Operating at massive scale
--------------------------
Is Flashlight designed to work at millions or requests per second?
No. It's designed to be a template for implementing your production services.
Some assembly required.

Here are a couple quick optimizations you can make to improve scale:
* Separate the indexing worker and the query worker (this could be
as simple as creating two Flashlight workers, opening `app.js` in each,
and commenting out SearchQueue.init() or PathMonitor.process() respectively.
* When your service restarts, all data is re-indexed. To prevent this,
you can use refBuilder as described in the next section.
* With a bit of work, both PathMonitor and SearchQueue could be adapted
to function as a Service Worker for
[firebase-queue](https://github.com/firebase/firebase-queue),
allowing multiple workers and potentially hundreds of thousands of
writes per second (with minor degredation and no losses at even higher throughput).

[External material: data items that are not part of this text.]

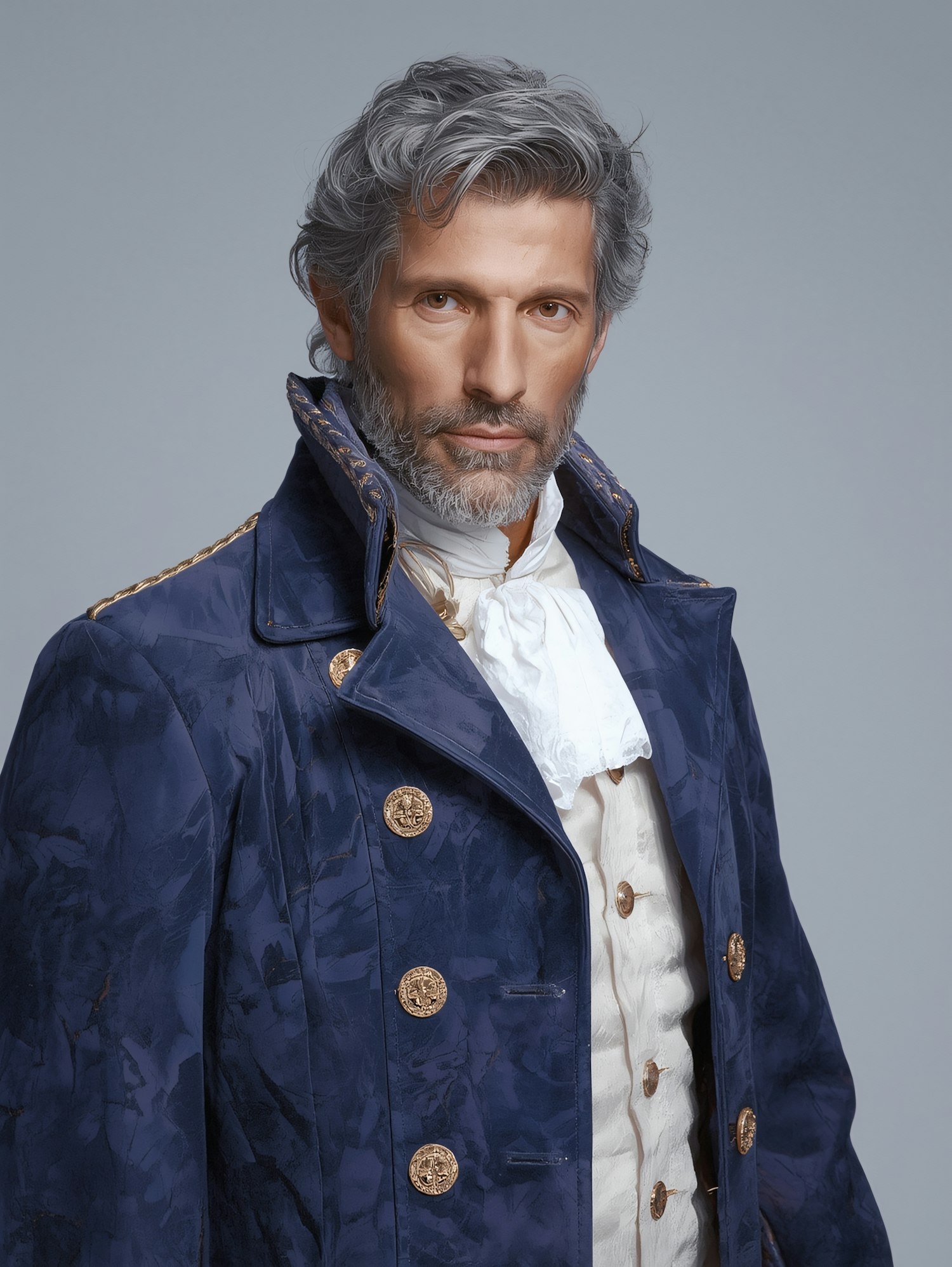 A man in a historical blue coat with gold buttons and a white cravat, exuding a classic and elegant style.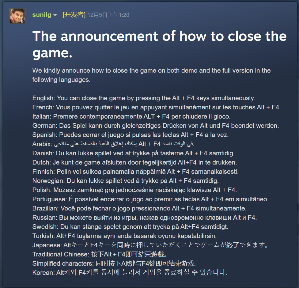 《勇者斗恶龙11 S终极版》于昨天正式在Steam平台推出,国区售价284元,自带简体中文。昨天官方在Steam社区中发布了公告,使用20种不同语言教玩家如何关闭游戏:同时按下Alt键与F4键即可结束游戏。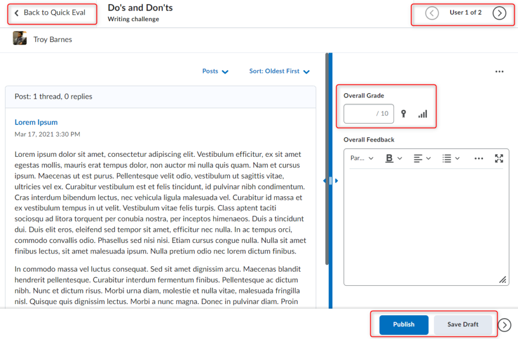 当讨论 选择提交后,评估员将被带到讨论评估 屏幕。像平常一样对帖子进行审核和评分。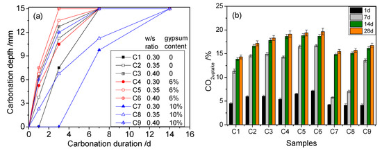 Additionally, the carbonation depth and CO2 uptake of the samples increased with the carbonation curing age (Figure 5). All of the samples reached a maximum carbonation depth of 15 mm at 14-days curing (Figure 5a), which is in line with the fact that the CO2 uptakes of the 14-days cured samples were close to those of the 28-days cured samples (Figure 5b), indicating that the carbonation reaction was nearly complete within 14 days. Similar to the strength results, samples with a DG addition of 6% (C4–C6) showed the highest CO2 uptake and greatest carbonation depths. However, a 10% DG addition had negative effects on strength, carbonation depth, and CO2 uptake. Furthermore, samples with a higher w/s ratio showed relatively high CO2 uptake and carbonation depths.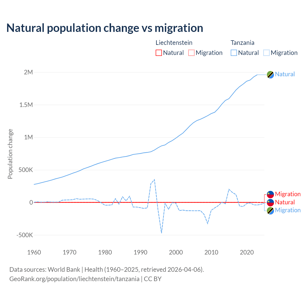 Over the last 10 years, 32.4% of the population change in Liechtenstein is from natural causes (a gain of 883 people) and 67.6% is from migration (a gain of 1,843 people). In Tanzania 98.7% is from natural causes (a gain of 17,769,541 people) and 1.27% is from migration (a gain of 229,466 people).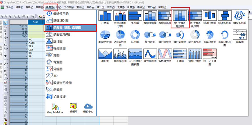 2.选中百分比堆积柱状图数据,点击绘图---条形图,饼图,面积图---点击百分比堆积柱状图;
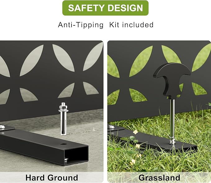 - Safety First: Includes an anti-tipping kit and a dual anchoring system with ground anchors and spikes for secure installation on various surfaces, ensuring stability and safety.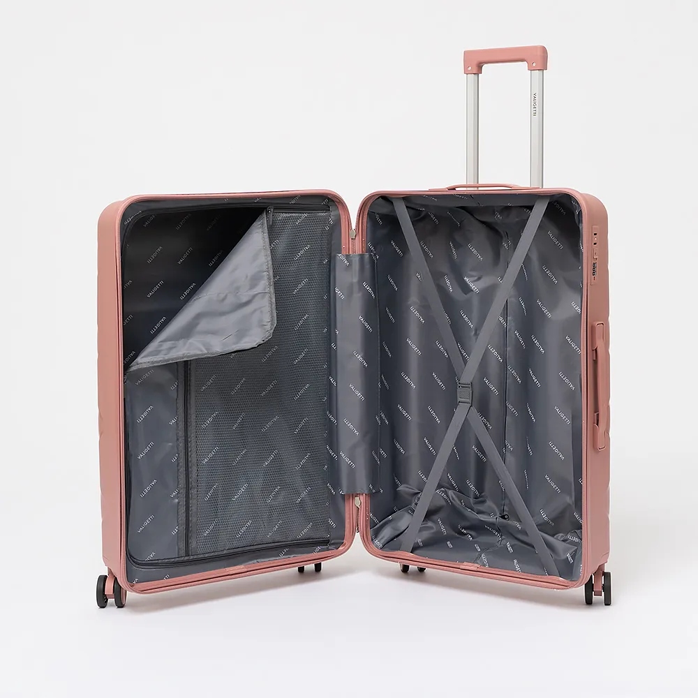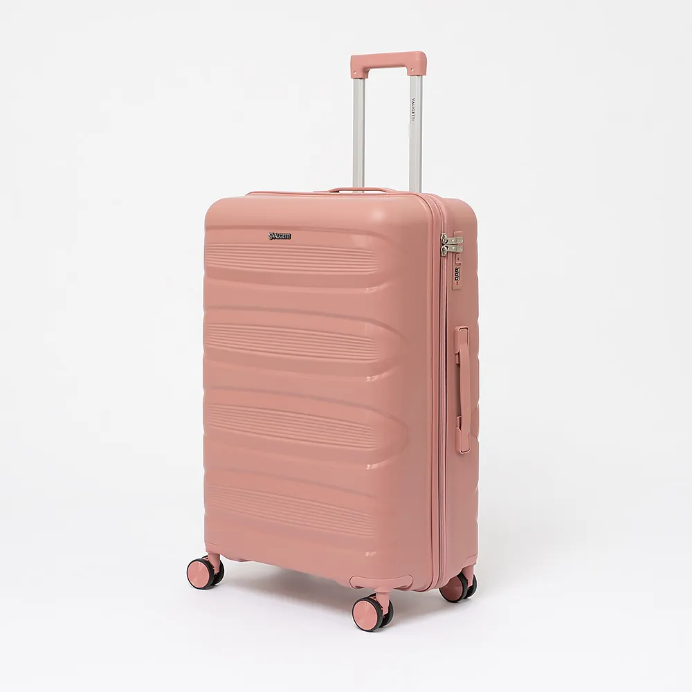 Чемодан-спиннер от торговой марки Valigetti из ударопрочного термостойкого полипропилена с рельефной антивандальной поверхностью бежевого цвета с коричневыми элементами. Модель на четырех сдвоенных колесах, с выдвижной ручкой, ручками-переносками сверху и сбоку, пластиковыми ножками сбоку для защиты от износа. Закрывается молнией №8 антивор, имеется кодовый замок, утопленный в корпус. Внутри: фирменная подкладка, в одной части - клапан-разделитель на молнии, карман-сетка на молнии, в другой части - перекрестные ремни для фиксации багажа. На верхних боковых ножках предусмотрены крючки для подвешивания пакетов.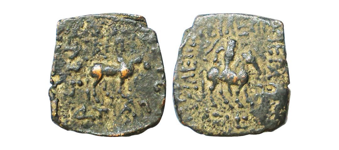 legend ‘ΒΑΣΙΛΕΩΣ ΒΑCΙΛΕΩN ΜΕΓΑΛΟΥAZIΛIΣOY’, Rev: bull to left, monograms above,Kharoshthi legend ‘Maharajasa Rajarajasa Mahatasa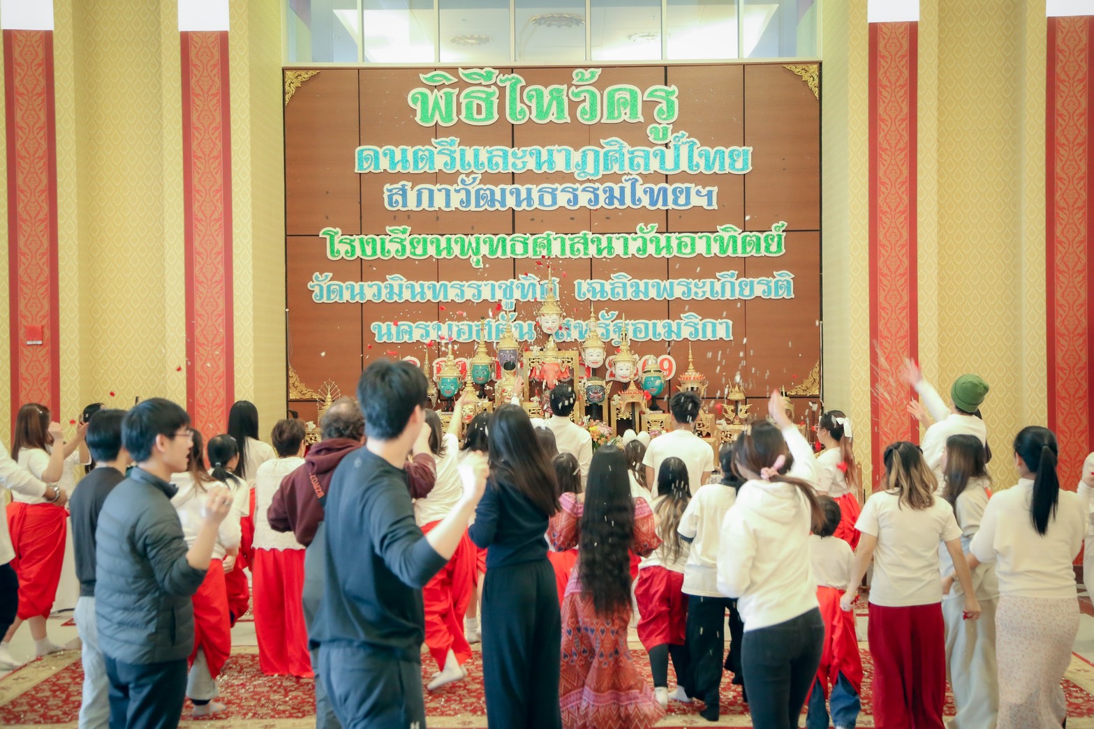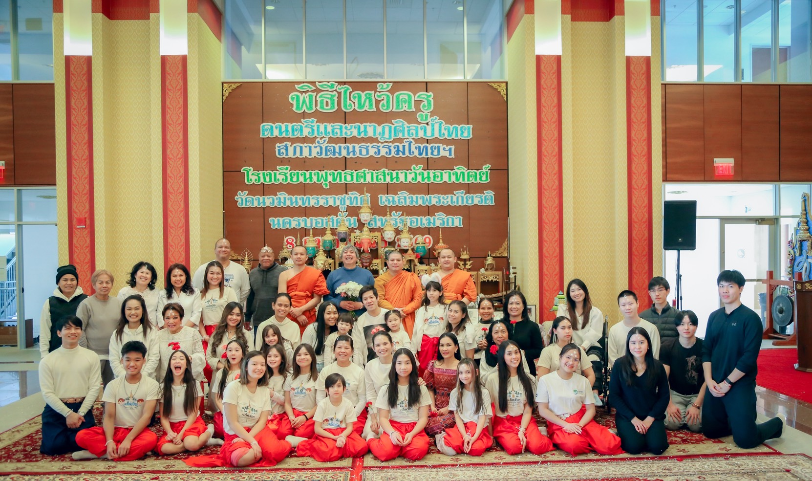 โรงเรียนพุทธศาสนาวันอาทิตย์ วัดนวมินทรราชูทิศ เฉลิมพระเกียรติ นครบอสตัน จัดพิธีไหว้ครู ประจำปีการศึกษา 2568–2569 ในวันอาทิตย์ที่ 8 กุมภาพันธ์ พ.ศ. 2569 ณ ศาลามหาวชิราลงกรณ โดยมีพระครูศรีวิชาธร เป็นประธานในพิธี พร้อมด้วยคณะสงฆ์ คณะครู นักเรียน ผู้ปกครอง และแขกผู้มีเกียรติ เข้าร่วมพิธีอย่างพร้อมเพรียง กิจกรรมในช่วงเช้าเป็นพิธีทางพระพุทธศาสนา ประกอบด้วยการทำบุญตักบาตร สวดมนต์ ฟังพระธรรมเทศนา และถวายภัตตาหารเพล เพื่อความเป็นสิริมงคลแก่ผู้เข้าร่วมพิธี จากนั้นได้ดำเนินพิธีไหว้ครูอย่างเป็นทางการ โดยนักเรียนได้กล่าวคำบูชาครู ถวายพานดอกไม้ และประกอบพิธีคำนับครู แสดงออกถึงความกตัญญูกตเวทีและความเคารพต่อครูบาอาจารย์ ภายในงานมีการแสดงศิลปวัฒนธรรมไทย การบรรเลงดนตรีและการรำถวายมือ พิธีเจิมหนังสือเรียนภาษาไทย ผู้ข้อมือรับเป็นศิษย์ มอบดอกไม้ให้พ่อแม่ที่เปรียบเสมือนครูคนแรก เพื่อส่งเสริมการอนุรักษ์วัฒนธรรมไทยและสร้างบรรยากาศที่งดงามเหมาะสมกับพิธีการ ซึ่งช่วยให้นักเรียนได้เรียนรู้และภาคภูมิใจในความเป็นไทย แม้จะอาศัยอยู่ในต่างประเทศ การจัดพิธีไหว้ครูในครั้งนี้นับเป็นกิจกรรมสำคัญที่ช่วยปลูกฝังคุณธรรม ความกตัญญู และการตระหนักถึงพระคุณของครู ช่วยส่งเสริมให้นักเรียนไทยในต่างแดนได้เรียนรู้ภาษา วัฒนธรรมไทยอันเป็นรากฐานสำคัญของการศึกษาและการดำรงไว้ซึ่งขนบธรรมเนียมประเพณีอันดีงามของไทย

Use refBuilder to improve indexing efficiency
---------------------------------------------
In `config.js`, each entry in `paths` can be assigned a `refBuilder`
function. This can construct a query for determining which records
get indexed.

This can be utilized to improve efficiency by preventing all data from
being re-indexed any time the Flashlight service is restarted, and generally
by preventing a large backlog from being read into memory at once.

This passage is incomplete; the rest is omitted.